Here are some of the specific benefits of having citizens and businesses provide information on how they are connecting and the speeds they are receiving.
User-reported data gives a more accurate portrait of speeds and services available in a particular area
Using internet service provider information, the Federal Communications Commission (FCC) determines which areas, identified by census blocks, what types of services and technologies are available. Census blocks are defined by population (approximately 400-600 people) and can vary in size and shape. The way the information is reported to the FCC does not allow us to specifically identify which homes and businesses are being served. And if the provider is only serving a single home or business, all the homes in that block are deemed served.
As a result, it becomes very easy for areas to slip through the cracks and not get access to high-speed broadband or sometimes even basic internet service.
When local participation surveys are completed and properly mapped, this gives us and the local community an extremely more reliable picture of what the broadband coverage is for that area. It will help communities with funding opportunities.
By mapping out where actual issues are, this data can help the incumbent know that they need to upgrade service an area to keep their customers happy.
User-reported data gives a better and more accurate measurement of speed
Today more than ever, people are working or running their businesses from home.
Even in a situation where an employee periodically works from home the need for acceptable speed and reliability does not change.

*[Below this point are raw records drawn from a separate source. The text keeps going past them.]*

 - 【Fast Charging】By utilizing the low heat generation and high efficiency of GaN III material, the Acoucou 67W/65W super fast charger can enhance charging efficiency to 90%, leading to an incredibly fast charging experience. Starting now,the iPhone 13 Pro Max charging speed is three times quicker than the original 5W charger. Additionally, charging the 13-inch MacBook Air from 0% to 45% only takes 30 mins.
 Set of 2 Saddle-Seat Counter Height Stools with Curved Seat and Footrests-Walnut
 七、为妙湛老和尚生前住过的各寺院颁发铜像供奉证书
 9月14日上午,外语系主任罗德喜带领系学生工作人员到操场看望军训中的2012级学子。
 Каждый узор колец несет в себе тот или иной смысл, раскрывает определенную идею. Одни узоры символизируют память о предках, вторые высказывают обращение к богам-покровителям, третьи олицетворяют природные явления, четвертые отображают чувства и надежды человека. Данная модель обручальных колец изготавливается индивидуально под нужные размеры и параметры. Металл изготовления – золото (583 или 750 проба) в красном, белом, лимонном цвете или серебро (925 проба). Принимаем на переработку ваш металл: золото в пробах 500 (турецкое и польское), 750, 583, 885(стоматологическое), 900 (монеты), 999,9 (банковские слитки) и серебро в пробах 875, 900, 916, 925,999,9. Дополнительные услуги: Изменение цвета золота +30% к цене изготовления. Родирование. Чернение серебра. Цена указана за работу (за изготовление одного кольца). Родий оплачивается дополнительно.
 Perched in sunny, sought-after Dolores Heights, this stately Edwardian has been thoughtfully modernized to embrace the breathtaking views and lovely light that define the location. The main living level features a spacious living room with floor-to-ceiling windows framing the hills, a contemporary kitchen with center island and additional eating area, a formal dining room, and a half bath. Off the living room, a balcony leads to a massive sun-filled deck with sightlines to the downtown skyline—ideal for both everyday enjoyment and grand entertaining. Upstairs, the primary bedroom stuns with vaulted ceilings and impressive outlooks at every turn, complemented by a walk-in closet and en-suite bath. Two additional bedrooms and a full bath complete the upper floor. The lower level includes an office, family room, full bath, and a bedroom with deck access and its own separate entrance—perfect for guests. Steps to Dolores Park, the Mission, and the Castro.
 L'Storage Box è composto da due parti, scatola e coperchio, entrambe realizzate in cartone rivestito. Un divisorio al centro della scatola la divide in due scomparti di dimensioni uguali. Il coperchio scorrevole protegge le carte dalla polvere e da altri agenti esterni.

Broadband providers give speed offerings as an “up to” value which typically is a best-case scenario on any given day at any given time. So, while accurate, it can be impacted by other variables.

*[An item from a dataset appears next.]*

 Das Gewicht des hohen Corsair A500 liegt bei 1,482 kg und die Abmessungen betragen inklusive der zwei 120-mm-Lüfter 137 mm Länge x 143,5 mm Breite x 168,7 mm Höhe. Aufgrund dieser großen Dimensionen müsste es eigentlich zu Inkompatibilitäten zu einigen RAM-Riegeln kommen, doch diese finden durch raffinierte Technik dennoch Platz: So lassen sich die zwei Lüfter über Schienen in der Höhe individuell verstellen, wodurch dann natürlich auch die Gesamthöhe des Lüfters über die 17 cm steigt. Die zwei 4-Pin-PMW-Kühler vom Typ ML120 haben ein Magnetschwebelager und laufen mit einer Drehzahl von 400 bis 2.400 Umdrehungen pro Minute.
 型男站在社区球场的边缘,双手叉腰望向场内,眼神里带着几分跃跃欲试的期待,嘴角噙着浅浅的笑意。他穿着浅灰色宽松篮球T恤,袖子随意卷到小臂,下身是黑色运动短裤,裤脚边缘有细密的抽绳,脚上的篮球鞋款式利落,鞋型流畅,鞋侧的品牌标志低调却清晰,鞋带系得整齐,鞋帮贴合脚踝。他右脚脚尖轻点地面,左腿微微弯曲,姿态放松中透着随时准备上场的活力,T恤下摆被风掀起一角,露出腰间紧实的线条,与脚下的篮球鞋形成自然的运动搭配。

For example, on a shared network with other users, you will find lower speeds across the network. The technology that a provider might be using can be influenced by the distance or length of the connection coming through a neighborhood.
Feedback from users in these cases allow for an assessment that speaks more to real-life scenarios on expected speeds, and allow potential new customers considering service in those areas to understand what will be the new reality they will live with so that they can make an informed purchase decision.

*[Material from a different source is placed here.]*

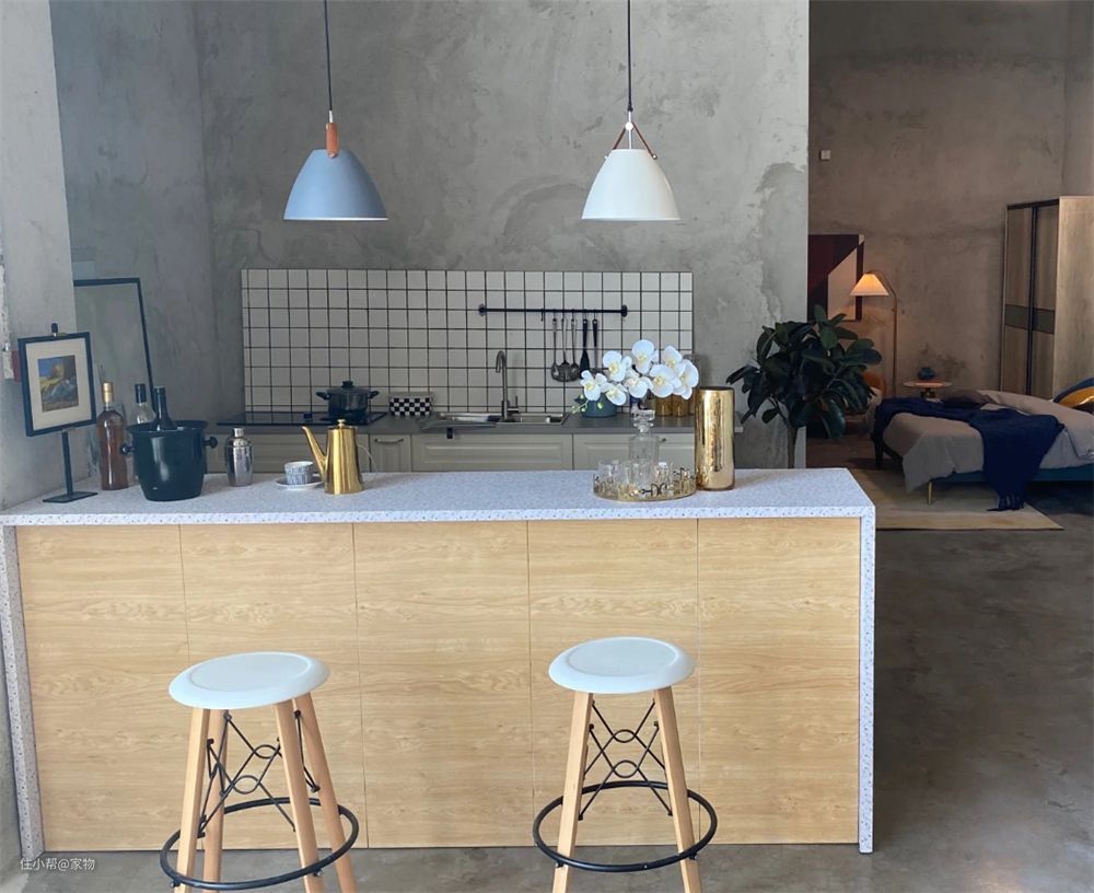家里的厨房区域采用了开放式的格局设计,与客厅、餐厅相隔断的吧台,直接选择了原木色调,看起来干净明快,也避免了一水儿深色调给家中带来压抑感的问题,搭配水泥毛坯房相得益彰。

User-reported data gives incentive to smaller providers to move into those areas
Broadband providers move into areas based on being able to create a business case for it.
So, if a large provider can’t make the case for moving into a community, often, a small provider can make that case more easily.
New or regional broadband providers that concentrate their deployment in specific market areas (usually smaller areas than the larger incumbents) can offer reliable speeds and are typically using the latest equipment which speaks to not only reliability, but speed consistency.
A great example of this is what Yancey County has done to make gig-speeds available to all their residents throughout the county.
This creates a choice for consumers, and specifically in the case of businesses, allows for back -up service from separate providers.
User-reported data is extremely important to help understand the full story. This way, we can identify those pockets of unserved and underserved communities and reach out and support local broadband planning committees in developing a plan that will work.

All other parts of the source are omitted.